Absorbing states are determined by means of absorbingStates method.

absorbingStates(mcGR4)
absorbingStates(mcWeather)

The key function in methods which need knowledge about communicating classes, recurrent states, transient states, is .commclassKernel, which is a modification of Tarjan's algorithm from \cite{Tarjan}. This .commclassKernel method gets a transition matrix of dimension $n$ and returns a list of two items:

  1. classes, an matrix whose $(i, j)$ entry is true if $s_i$ and $s_j$ are in the same communicating class.
  2. closed, a vector whose $i$ -th entry indicates whether the communicating class to which $i$ belongs is closed.

These functions are used by two other internal functions on which the summary method for markovchain objects works.

The example matrix used in \cite{renaldoMatlab} well exemplifies the purpose of the function.

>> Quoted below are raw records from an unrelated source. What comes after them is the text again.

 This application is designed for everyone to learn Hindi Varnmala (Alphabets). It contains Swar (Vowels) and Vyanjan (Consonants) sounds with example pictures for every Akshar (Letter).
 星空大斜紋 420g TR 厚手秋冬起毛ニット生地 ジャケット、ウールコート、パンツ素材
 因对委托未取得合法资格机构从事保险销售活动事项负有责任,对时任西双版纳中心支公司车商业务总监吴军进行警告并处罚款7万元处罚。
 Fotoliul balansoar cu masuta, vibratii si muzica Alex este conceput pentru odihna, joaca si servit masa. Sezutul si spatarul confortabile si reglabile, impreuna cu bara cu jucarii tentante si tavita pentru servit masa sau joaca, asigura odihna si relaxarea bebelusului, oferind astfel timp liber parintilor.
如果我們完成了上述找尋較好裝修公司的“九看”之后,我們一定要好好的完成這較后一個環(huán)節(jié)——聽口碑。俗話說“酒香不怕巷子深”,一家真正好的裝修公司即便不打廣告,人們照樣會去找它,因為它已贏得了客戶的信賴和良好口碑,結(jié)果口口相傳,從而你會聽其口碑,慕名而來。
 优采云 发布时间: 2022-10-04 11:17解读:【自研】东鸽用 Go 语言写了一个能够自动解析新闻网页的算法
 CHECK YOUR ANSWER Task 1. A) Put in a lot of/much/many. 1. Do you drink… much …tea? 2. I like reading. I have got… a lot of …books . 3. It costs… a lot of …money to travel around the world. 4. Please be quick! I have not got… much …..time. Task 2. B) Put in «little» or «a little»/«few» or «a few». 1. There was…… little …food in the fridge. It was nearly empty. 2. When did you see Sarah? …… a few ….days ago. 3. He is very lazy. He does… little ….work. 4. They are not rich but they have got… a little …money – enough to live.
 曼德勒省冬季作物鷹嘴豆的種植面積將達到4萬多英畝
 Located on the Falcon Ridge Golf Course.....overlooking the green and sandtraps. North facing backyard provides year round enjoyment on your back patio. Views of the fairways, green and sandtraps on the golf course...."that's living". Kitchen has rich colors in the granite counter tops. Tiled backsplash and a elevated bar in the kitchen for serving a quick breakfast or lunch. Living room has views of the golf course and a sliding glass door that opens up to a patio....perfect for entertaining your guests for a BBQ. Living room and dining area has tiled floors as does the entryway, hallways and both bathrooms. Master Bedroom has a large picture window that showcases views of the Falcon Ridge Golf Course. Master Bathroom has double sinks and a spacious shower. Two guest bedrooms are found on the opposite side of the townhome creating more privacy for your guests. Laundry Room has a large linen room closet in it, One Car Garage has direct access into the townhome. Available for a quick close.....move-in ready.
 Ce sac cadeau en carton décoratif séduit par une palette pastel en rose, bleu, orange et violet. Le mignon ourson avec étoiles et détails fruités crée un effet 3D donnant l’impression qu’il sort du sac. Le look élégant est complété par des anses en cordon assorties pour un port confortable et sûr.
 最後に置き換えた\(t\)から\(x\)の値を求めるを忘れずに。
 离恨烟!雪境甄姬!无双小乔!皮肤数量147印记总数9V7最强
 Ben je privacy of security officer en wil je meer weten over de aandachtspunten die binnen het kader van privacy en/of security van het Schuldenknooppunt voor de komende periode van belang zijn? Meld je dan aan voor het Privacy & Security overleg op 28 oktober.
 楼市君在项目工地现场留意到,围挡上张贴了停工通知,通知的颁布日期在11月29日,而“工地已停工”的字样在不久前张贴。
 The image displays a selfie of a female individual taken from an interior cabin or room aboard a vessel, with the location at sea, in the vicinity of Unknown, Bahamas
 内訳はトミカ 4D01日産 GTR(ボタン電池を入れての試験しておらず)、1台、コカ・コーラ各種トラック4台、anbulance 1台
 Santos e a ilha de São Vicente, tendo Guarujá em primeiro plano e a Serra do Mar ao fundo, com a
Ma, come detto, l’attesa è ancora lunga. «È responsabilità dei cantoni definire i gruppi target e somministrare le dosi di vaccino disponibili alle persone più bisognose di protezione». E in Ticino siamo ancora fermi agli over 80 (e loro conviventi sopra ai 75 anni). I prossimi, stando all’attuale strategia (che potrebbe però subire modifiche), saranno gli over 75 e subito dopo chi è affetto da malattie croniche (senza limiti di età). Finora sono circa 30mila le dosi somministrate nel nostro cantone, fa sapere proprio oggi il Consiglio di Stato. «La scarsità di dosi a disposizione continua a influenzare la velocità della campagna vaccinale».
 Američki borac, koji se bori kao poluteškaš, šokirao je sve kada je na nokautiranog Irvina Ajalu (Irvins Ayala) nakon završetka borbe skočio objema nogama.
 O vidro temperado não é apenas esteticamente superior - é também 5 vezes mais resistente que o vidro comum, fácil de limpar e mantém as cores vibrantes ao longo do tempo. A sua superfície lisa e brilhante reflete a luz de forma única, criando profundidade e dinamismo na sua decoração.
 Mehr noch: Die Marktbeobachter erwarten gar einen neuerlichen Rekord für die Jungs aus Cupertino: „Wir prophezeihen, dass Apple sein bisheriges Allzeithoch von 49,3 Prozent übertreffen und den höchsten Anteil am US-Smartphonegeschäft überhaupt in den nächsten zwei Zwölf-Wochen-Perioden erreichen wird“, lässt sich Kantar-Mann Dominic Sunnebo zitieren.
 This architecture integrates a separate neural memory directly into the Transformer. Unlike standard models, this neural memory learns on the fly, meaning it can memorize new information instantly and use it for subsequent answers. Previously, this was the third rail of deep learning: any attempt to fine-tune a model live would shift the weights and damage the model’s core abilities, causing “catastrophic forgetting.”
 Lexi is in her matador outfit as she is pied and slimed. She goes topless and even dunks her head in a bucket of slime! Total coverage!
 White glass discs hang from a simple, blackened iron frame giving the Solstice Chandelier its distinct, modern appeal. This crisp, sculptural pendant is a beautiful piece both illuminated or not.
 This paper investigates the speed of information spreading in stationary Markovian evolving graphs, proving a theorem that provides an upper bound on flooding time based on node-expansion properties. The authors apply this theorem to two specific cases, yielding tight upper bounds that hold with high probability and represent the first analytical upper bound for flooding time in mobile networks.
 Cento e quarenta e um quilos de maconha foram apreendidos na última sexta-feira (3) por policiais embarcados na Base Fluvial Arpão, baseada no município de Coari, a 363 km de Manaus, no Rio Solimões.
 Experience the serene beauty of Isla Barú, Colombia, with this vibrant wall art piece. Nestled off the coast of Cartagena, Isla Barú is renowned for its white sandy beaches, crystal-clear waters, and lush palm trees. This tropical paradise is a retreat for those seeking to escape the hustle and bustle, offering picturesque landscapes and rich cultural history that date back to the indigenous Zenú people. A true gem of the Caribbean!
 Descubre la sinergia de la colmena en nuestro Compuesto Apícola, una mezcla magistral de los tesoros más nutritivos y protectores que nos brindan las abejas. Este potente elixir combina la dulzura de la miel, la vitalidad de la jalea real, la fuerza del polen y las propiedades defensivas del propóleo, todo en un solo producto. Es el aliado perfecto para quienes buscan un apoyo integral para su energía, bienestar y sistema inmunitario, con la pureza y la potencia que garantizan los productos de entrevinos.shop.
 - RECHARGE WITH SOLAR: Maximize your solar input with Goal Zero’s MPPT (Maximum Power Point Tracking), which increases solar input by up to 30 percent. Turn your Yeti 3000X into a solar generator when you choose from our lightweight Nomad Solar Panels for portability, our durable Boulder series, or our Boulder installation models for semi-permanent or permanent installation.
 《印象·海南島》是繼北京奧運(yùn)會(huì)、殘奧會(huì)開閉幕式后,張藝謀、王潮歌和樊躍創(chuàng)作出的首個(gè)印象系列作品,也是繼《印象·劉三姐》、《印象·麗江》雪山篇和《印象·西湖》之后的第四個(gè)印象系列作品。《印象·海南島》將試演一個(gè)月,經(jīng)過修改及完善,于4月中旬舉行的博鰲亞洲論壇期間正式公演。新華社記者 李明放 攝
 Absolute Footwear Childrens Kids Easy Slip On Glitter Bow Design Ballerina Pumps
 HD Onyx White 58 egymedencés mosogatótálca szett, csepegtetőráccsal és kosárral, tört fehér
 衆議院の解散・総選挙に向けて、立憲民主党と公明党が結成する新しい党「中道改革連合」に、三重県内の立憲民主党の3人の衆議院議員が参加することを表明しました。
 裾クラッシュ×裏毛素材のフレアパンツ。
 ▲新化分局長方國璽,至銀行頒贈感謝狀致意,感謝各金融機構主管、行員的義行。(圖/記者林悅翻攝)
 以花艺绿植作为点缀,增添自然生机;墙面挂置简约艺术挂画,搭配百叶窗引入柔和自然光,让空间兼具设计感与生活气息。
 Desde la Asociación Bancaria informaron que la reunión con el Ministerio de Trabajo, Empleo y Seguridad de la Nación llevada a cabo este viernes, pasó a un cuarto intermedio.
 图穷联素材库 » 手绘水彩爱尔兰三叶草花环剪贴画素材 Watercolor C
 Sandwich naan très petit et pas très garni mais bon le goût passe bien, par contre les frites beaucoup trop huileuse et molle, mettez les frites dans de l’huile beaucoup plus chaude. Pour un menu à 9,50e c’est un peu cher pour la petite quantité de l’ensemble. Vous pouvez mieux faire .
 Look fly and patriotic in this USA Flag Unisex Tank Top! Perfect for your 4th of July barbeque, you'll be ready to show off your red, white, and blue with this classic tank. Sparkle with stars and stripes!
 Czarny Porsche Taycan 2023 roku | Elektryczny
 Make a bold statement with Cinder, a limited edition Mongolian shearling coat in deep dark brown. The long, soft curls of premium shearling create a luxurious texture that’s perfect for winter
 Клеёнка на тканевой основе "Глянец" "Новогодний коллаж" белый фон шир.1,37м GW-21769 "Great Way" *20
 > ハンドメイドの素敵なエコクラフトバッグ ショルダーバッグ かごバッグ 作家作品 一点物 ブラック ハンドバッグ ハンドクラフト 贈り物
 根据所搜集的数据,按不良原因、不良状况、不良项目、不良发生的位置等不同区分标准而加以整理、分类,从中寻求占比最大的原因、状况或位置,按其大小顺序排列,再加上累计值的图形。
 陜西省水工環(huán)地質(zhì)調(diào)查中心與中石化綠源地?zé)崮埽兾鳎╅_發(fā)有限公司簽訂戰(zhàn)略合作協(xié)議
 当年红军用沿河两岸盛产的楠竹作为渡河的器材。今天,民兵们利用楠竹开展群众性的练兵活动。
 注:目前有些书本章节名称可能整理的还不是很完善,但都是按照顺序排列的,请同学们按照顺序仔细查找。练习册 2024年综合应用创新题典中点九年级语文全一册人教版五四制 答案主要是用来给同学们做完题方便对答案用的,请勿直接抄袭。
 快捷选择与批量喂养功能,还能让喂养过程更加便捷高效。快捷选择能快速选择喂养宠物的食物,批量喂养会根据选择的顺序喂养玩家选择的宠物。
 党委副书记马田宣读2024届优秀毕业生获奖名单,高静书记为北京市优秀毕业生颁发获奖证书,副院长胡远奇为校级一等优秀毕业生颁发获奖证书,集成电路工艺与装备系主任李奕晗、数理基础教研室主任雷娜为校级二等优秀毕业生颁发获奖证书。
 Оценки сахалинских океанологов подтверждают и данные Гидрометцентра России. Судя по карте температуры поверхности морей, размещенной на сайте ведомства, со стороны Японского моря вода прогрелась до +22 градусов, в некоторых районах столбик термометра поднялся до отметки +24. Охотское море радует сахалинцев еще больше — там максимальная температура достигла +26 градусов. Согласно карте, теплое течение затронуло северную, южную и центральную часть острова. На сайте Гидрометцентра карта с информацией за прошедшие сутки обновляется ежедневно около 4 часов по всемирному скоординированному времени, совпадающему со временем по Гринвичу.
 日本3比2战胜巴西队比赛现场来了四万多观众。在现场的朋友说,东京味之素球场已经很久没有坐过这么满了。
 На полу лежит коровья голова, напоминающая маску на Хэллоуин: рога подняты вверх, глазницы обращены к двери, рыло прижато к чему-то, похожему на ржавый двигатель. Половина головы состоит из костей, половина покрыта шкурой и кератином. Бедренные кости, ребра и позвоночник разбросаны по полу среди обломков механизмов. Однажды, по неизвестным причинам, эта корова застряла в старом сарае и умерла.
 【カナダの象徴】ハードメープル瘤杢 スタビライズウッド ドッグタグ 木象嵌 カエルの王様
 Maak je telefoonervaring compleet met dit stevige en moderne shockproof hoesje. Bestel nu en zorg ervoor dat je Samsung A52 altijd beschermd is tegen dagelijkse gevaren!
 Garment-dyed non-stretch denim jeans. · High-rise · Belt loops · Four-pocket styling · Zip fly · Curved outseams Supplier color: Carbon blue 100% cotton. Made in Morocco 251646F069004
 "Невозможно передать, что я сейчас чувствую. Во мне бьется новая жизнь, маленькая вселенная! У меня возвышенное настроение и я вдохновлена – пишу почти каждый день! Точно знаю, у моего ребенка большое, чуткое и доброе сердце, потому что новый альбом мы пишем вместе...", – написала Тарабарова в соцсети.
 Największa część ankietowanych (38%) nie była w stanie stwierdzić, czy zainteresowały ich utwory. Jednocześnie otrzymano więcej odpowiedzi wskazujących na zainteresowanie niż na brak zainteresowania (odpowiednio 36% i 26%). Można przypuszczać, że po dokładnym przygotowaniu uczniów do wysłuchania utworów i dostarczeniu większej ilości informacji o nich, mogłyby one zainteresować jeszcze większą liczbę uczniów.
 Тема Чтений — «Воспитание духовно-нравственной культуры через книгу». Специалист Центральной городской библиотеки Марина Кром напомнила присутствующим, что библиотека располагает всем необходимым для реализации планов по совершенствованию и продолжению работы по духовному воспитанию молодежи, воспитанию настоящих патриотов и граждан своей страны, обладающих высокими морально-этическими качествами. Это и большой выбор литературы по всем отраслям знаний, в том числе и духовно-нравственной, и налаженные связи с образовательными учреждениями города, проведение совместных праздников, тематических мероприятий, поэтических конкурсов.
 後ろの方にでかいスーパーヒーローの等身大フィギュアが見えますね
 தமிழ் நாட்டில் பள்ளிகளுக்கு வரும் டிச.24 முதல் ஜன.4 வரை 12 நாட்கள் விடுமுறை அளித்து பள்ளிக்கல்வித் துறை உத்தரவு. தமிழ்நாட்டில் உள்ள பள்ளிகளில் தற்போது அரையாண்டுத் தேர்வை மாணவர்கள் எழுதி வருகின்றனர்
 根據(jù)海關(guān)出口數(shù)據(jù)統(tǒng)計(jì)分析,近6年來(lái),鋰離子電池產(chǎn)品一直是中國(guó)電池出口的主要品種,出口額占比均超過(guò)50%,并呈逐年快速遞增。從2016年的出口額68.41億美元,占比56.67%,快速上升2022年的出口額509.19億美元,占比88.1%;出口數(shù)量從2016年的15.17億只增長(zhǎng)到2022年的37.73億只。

P <- markovchain:::zeros(10)
P[1, c(1, 3)] <- 1/2;
P[2, 2] <- 1/3; P[2,7] <- 2/3;
P[3, 1] <- 1;
P[4, 5] <- 1;
P[5, c(4, 5, 9)] <- 1/3;
P[6, 6] <- 1;
P[7, 7] <- 1/4; P[7,9] <- 3/4;
P[8, c(3, 4, 8, 10)] <- 1/4;
P[9, 2] <- 1;
P[10, c(2, 5, 10)] <- 1/3;
rownames(P) <- letters[1:10] 
colnames(P) <- letters[1:10]
probMc <- new("markovchain", transitionMatrix = P, 
              name = "Probability MC")
summary(probMc)

All states that pertain to a transient class are named "transient" and a specific method has been written to elicit them.

transientStates(probMc)

canonicForm method that turns a Markov chain into its canonic form, reordering the states to have first the recurrent classes and then the transient states.

probMcCanonic <- canonicForm(probMc)
probMc
probMcCanonic

The function is.accessible permits to investigate whether a state $s_{j}$ is accessible from state $s_i$, that is whether the probability to eventually reach $s_j$ starting from $s_{i}$ is greater than zero.

is.accessible(object = probMc, from = "a", to = "c")
is.accessible(object = probMc, from = "g", to = "c")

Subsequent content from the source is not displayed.